Rental assistance for people with housing but who are at risk of being evicted also is running out. The state has so far received relief application requests totaling more than $6.8 billion, according to BCSH's dashboard. That's well over the $5.2 billion it has gotten from the federal government, about half of which is administered by local jurisdictions.

The agency previously expressed confidence that the need would be filled by another round of federal funding, but in response to California’s recent $1.9 billion request to the U.S. Treasury Department, the state only received $62 million on Friday, Newsom said.

“And so for the purposes of this budget, we are looking to continue to engage directly with Treasury, the Biden administration, as we have been, and directly with legislative leaders,” he added.

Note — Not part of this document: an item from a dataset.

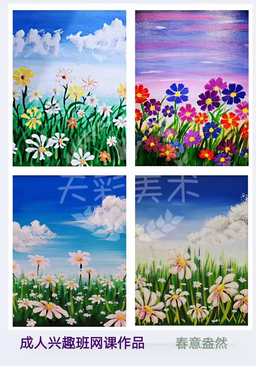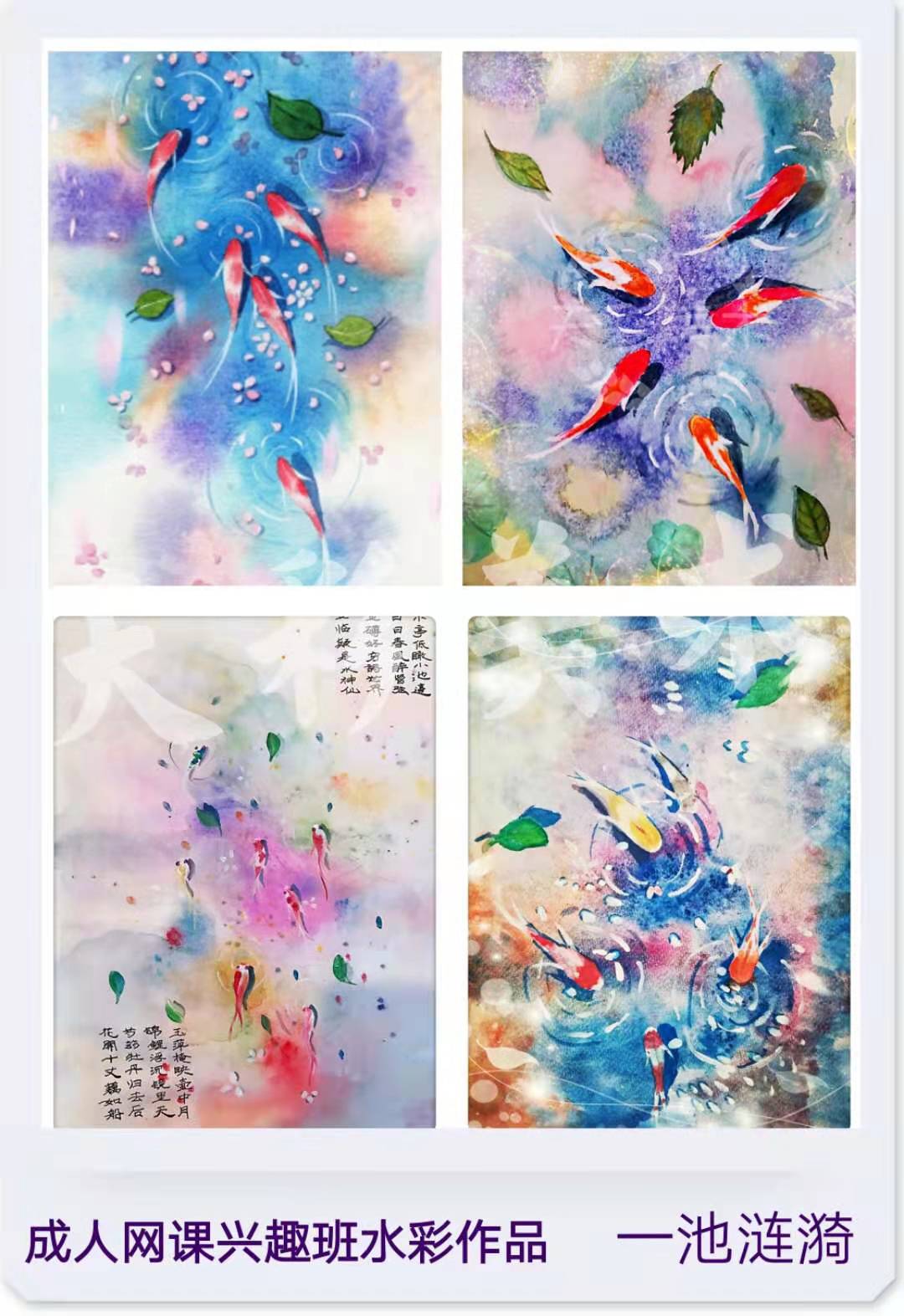 会画画的人,更知道如何取悦自己执笔那时间,如清风拂过摇,忘却一切的躁动和不安,只剩愉悦。 每周四晚上6:50--8:20 成人兴趣网络课程 无论你有无基础, 只要你有爱画画的热情, 准备好纸笔颜料, 一切交给我们咯 学员作品欣赏

Newsom’s blueprint to tackle California’s housing crisis totals another $2 billion and prioritizes the state’s climate goals.

“I just want to reinforce, to some extent … moving away from investments in housing that don’t focus on climate, health, integrating downtown schools, jobs, parks and restaurants,” Newsom said.

That includes about $800 million in grants to develop housing units and the infrastructure around them in mostly downtown areas, “in that space away from the sprawl,” he said. The idea is to avoid building in areas prone to wildfires, and to prevent the greenhouse gas emissions that result from long commutes.

Of that money, Newsom wants to set aside $100 million to help offset the high costs that can make it prohibitively expensive to convert old offices and other buildings into apartments — a practice that UC Berkeley’s Terner Center for Housing Innovation found is most common in Los Angeles.

Besides prioritizing housing in downtown areas, the grant also would help meet the state’s climate goals by slashing the main culprit of construction waste: demolition. The remaining $100 million would go toward affordable housing on vacant state-owned land.

The other $1 billion in Newsom’s housing budget is focused largely on creating more affordable housing for the state's lowest earners, with $500 million going toward the Low-Income Housing Tax Credit, the largest funding source for building subsidized housing. The other $500 million would be used to preserve deteriorating affordable housing in downtown areas and rehabilitate mobile home parks, among other initiatives.

Matt Schwartz, president and CEO of the nonprofit California Housing Partnership, said while he applauds the new “short-term investments,” the money won’t come close to building the 1.2 million homes his group estimates the state needs by 2030.

“It’s time for the governor and state leaders to go beyond proposing another year of short-term assistance and instead commit to a long-term plan with sustained investments at the scale needed to solve the homeless and housing affordability crises and address climate change,” he said.

The League of California Cities, however, responded more positively to Newsom’s blueprint.

“The proposal makes good on last year’s promises by the state to continue investing in housing production, as well as housing coupled with mental health services for those experiencing homelessness,” Carolyn Coleman, the league’s CEO, said in a statement. “These proposed investments are a critical down payment by the state on the long-term funding needed to solve a decades-in-the-making crisis.”